TASK BRIEF: Locate "This is an antique" in the records below, then copy its line and every following line exactly, without the pictures.

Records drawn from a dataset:
· · · · · · ·

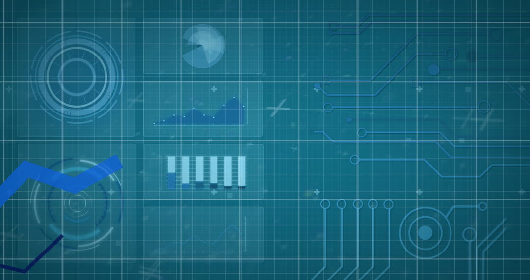 This futuristic design features a digital clock animation set against a backdrop of dynamic graphs and geometric patterns on a blue background. Ideal for illustrating concepts in technology, data analysis, or innovation, this animation can be used in presentations, videos, and marketing materials that focus on digital strategy or cutting-edge computing.
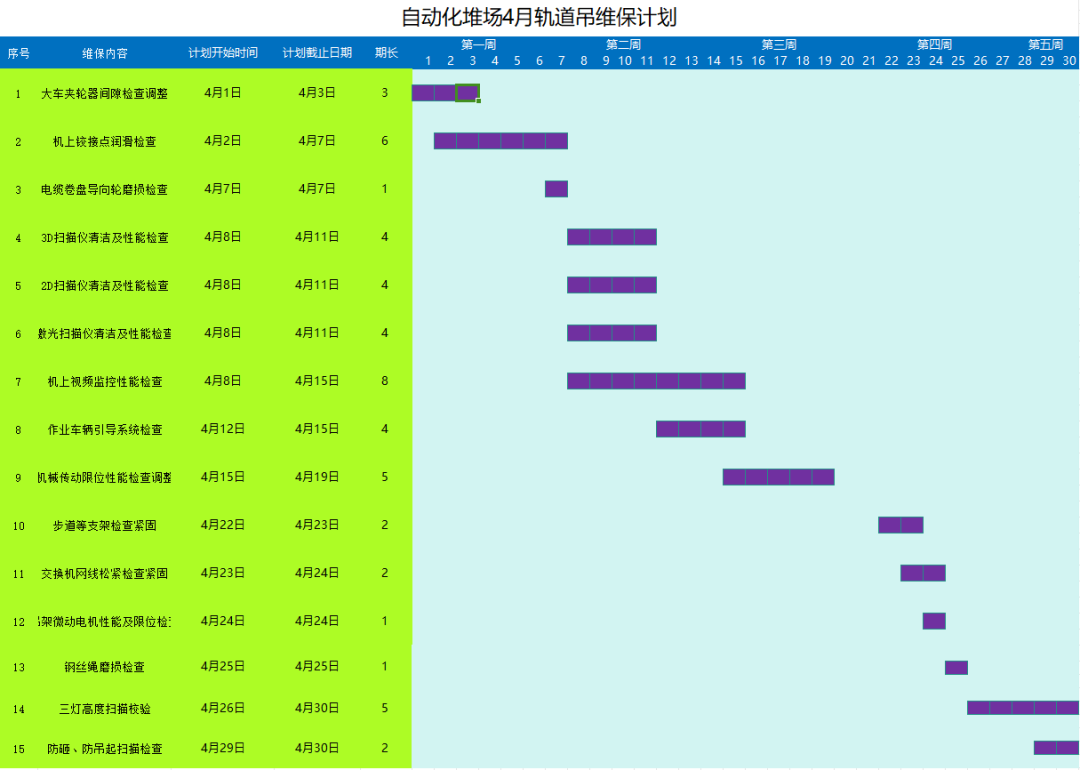 工欲善其事,必先利其器,只有良好的設備才能有效保證生產作業的高效運轉。自動化軌道吊集成了激光雷達掃描、相機姿態確認、5G傳輸等多項高科技,而現場作業對象則為重達40T的集裝箱且為露天作業,精密設備與粗重活交織在一起,很容易因振動、潮濕等原因造成設備故障而停機,高度自動化的生產環境,設備良好性能顯得尤為重要,一旦設備出現故障,不僅會導致作業的停滯,對港口經濟效益及乃至聲譽也會產生嚴重影響,運維團隊結合實際狀況,針對設備的維保記錄、運行狀態等提前制定了相應的維保計劃,實行清單式管理,有計劃地提前對各類可能導致設備故障的隱患提前處理,盡可能減少設備維保盲區,確保自動化軌道吊保養工作落實落細。
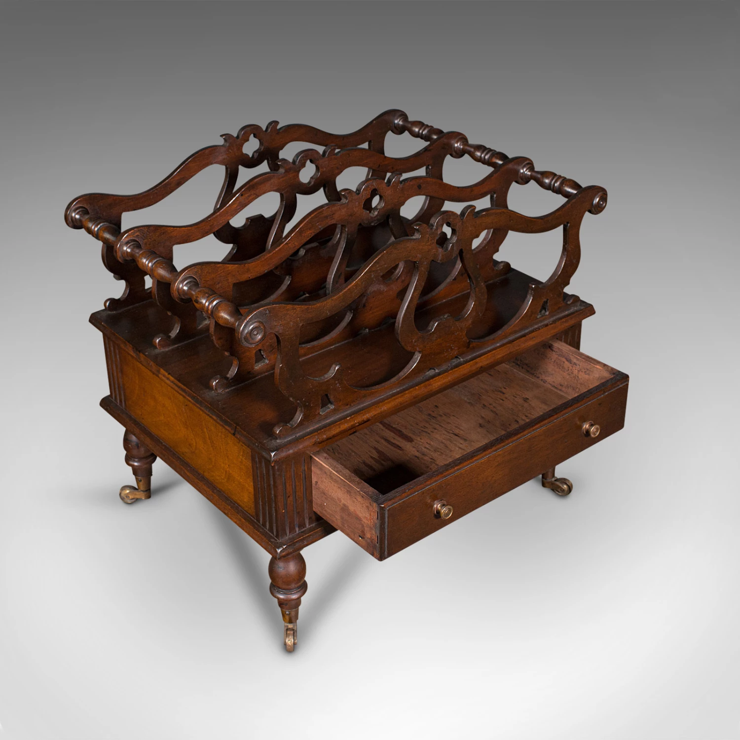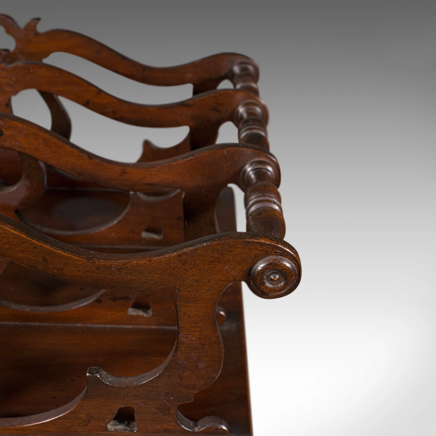 This is an antique Canterbury stand. An English, mahogany three sectioned magazine or newspaper rack, dating to the Victorian period, circa 1900.
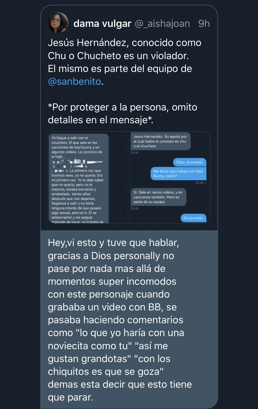 Con estos testimonios a la luz los dardos apuntaron a Bad Bunny por su relación laboral y de amistad que guardaba con El Chucheto. Pese a ello el intérprete de "Vete" expresó su apoyo a las víctimas a quienes instó a que "sigan exponiendo a todos sin miedo, nunca se queden calladas".
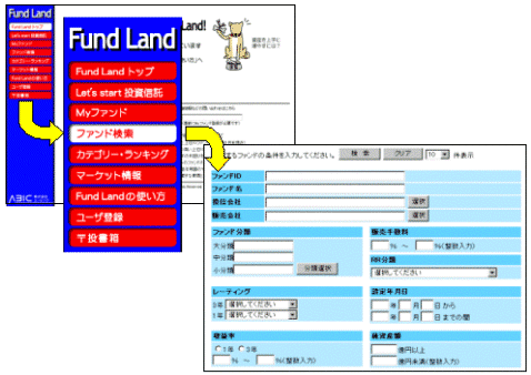 「こんなファンドないかな?」をいくつかの条件から、検索することができます。 たとえば、過去1年間の収益率が50%以上とか○○銀行で取り扱ってるファンドなどの条件 を指定すると、該当するファンドが一覧表示されます。 検索条件はすべて「&(アンド)検索」になっているので、条件が多くなれば、それだけファン ドを絞り込むことが可能です。 |
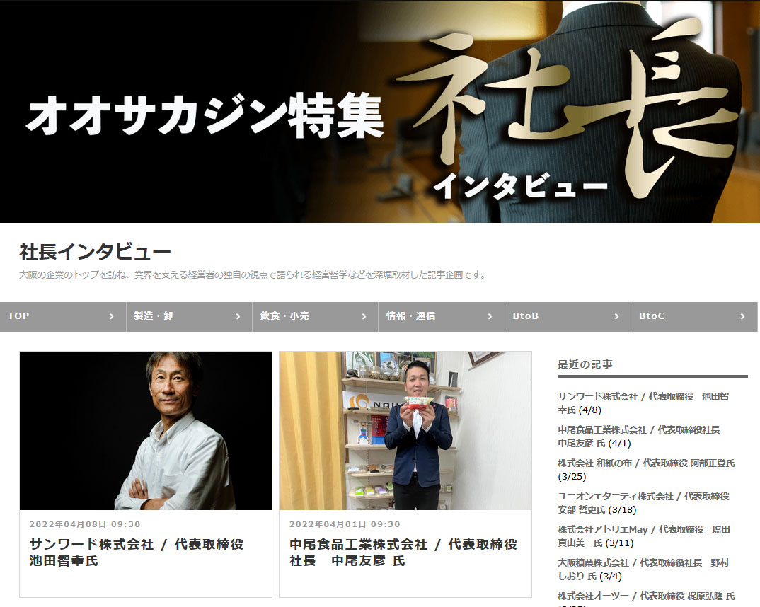 2022.04.08 メディア 「オオサカジン」に掲載されました 弊社代表取締役池田智幸のインタビュー記事が、大阪市を中心とした地域ブログポータルサイト「オオサカジン」に掲載されました。 ▶掲載ページこちら◀ 一覧へ戻る

· · · · · · ·

RESPONSE BOX:
 This is an antique Canterbury stand. An English, mahogany three sectioned magazine or newspaper rack, dating to the Victorian period, circa 1900.
 Con estos testimonios a la luz los dardos apuntaron a Bad Bunny por su relación laboral y de amistad que guardaba con El Chucheto. Pese a ello el intérprete de "Vete" expresó su apoyo a las víctimas a quienes instó a que "sigan exponiendo a todos sin miedo, nunca se queden calladas".
 「こんなファンドないかな?」をいくつかの条件から、検索することができます。 たとえば、過去1年間の収益率が50%以上とか○○銀行で取り扱ってるファンドなどの条件 を指定すると、該当するファンドが一覧表示されます。 検索条件はすべて「&(アンド)検索」になっているので、条件が多くなれば、それだけファン ドを絞り込むことが可能です。 |
 2022.04.08 メディア 「オオサカジン」に掲載されました 弊社代表取締役池田智幸のインタビュー記事が、大阪市を中心とした地域ブログポータルサイト「オオサカジン」に掲載されました。 ▶掲載ページこちら◀ 一覧へ戻る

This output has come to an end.